Mystery of boundaries

There are miles and miles of road ahead:
roads that twist and bend;
signs to follow — sometimes feel.
Roads that seem to stretch forever straight to nowhere:
dips; gradients; hills to climb; mists hiding trees —
softly ushering in the coming of light.
We have food, juice, water, pillows, and layers of clothing.
You have the books, the tapes, pen, journal, and
a wonderful belly of inspiration — so clear; so true.
All I have is this ache: slowly and subtly eating at my heart;
Kamikaze moths diving into the burning flame of your deep blue eyes.
Venus herself would be envious of this pull you have over me.
Dingo crazy: my mind howled at moon above;
playing sneaky intricate games; sniffing and digging around your fortress.
Each hug, holding of hands, touch, meeting of eyes
fuels the fire of this madness.
Each clever word and custard kindness: a lure to hook you in;
a psychotic predator preying on your trust.
The space unfold between us.
I cease to be me and you cease to be you.
I am the parched desert aching for love and the field of stars above.
Not this lighthing rejection:
a heart wrenching reprimand for crossing the line;
meandering into messed up boundaries.
Inside: everything collapsed; the predator has been found;
shot dead by the burning rays of the the mid-day sun.
The lightning never stopped:
burning the landscape of my power and pride; scorching the Spinifex
of protection woven over countless years.
I had hoped the thick black smoke would hide
what is burning deep inside but
the winds of your will kept blowing the smoke away.
"I am sorry my boundaries are messed up too."
Pieces of my heart are kangaroos jumping widly to escape the fire.
"I want you to love me, I want you to want me, I am hurting, can't you see?"
"We are good for each other, I have seen our future loves together.
"I have known and loved you in the past, in all my lives. I have spent countless
nights making love to you. I don't want to ever lose you again. I am at the court yard
yelling out your name. I am at the top of the red rock calling out to you. I see your face
in the endless horizon. I can still smell your sweet neck; the softness of your hair;
your long flowing red hair; your deep blue eyes — what have I done to deserve this?"
I hear the knife that stabs at my heart: never ending.
I hear the blade enter; break my sternum; yet I do not feel a thing.
There is no heart: just this empty hole with so much blood gushing out;
spilling into the cobbled stone street of pestilence.
"Mia Bella!" — then I saw my blood stained hands; the knife.
This will not end with the clicking of fingers.
I open my eyes. I see you.
My face is wet. My heart stung by a million ants.
You: are there; eyes piercing at my soul.
You have cornered this weak Wallaby. I cannot jump away.
There is nowhere to go. I speak with lips trembling. I can't say what I feel.
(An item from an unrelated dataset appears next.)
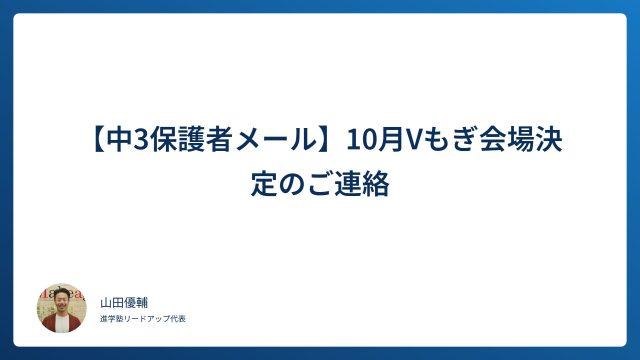 【中3保護者メール】重要!!12月「県立そっくりVもぎ」から「私立Vもぎ」への変更について(2025年度) 2025.10.20 中3保護者メール Yamada Yusuke 進学塾リードアップ塾生専用サイト
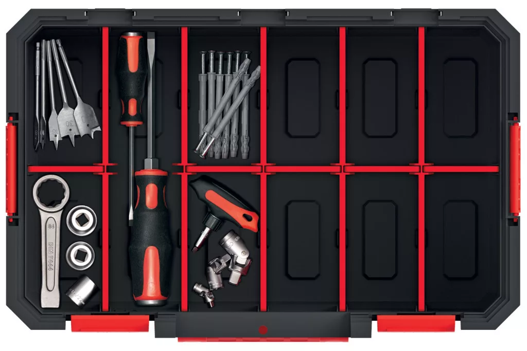 A Modular Solution 15 Plus szerszámosláda egy innovatív tárolási megoldás, amely tökéletes rendet teremt a szerszámok között. A 11 kivehető rekesznek köszönhetően személyre szabható a belső tér, így minden szerszám és alkatrész könnyen áttekinthető rendszerben tárolható.

My heart in knots, I cannot speak.
"Do you have problems expressing how you feel?" you asked. I nod.
"Do you fear rejection?" you asked once more. I nod.
All this damn aching heart wanted to say was "I love you, I want us to be together."
You said no. Not never, but no.
The sky opened. An ocean above emptying itself: flooding the landscape below.
I am drowning. Stay with the feeling you said. This is a great opportunity for you.
Whatever comes up now: stay with it; use it.
But I do not want to use it. I am drowning. Every word you say sends me into a tail spin.
I have to please you. I modify myself to please you.
Why are you doing this? Why are you leading me like a dog on a damn leash?
When I am soft and weak: you look for my strength. When I am strong: you say I am harsh and look for my softness.
The rain did not stop.
"What's the point of staying with this feeling? I can't stay. At the end of the day,
we will not be together. After all this, I will still be left hurting. I am better directing
my will towards something else. Something useful. I have to will this feeling away".
Belly stubborn, you persisted.
"But this is not a samskara. This is my love for you. This is not a stepping stone.
This is my real love for you; and I am hurting.
I don't want you to analyse me; make me a better person.
I don't want your light; I want you. May be if I find someone else to give this love to,
the pain will go away. Time and distance might help it go away. I can be alone forever
nursing this wound. I will find someone else. I can forget. I must. I will forget".
And the rain poured down.
"I don't want this gift. I don't want this connection. I don't want this power.
I just want to be happy; be normal; be loved. I have seen us walk the aisle; seen our
children play.
On and on it came.
I was beside myself; on the edge; could not put: hands on wheel; feet to pedal.
The rain stopped. The desert is soaked. The landscape decimated.
Waiting.
There will always be roads to travel, destinations to reach, food to eat, water to drink
thoughts and feelings to write about, visions to see.
I hope you stay; I hope I stay
in this eternal dance of fire and water.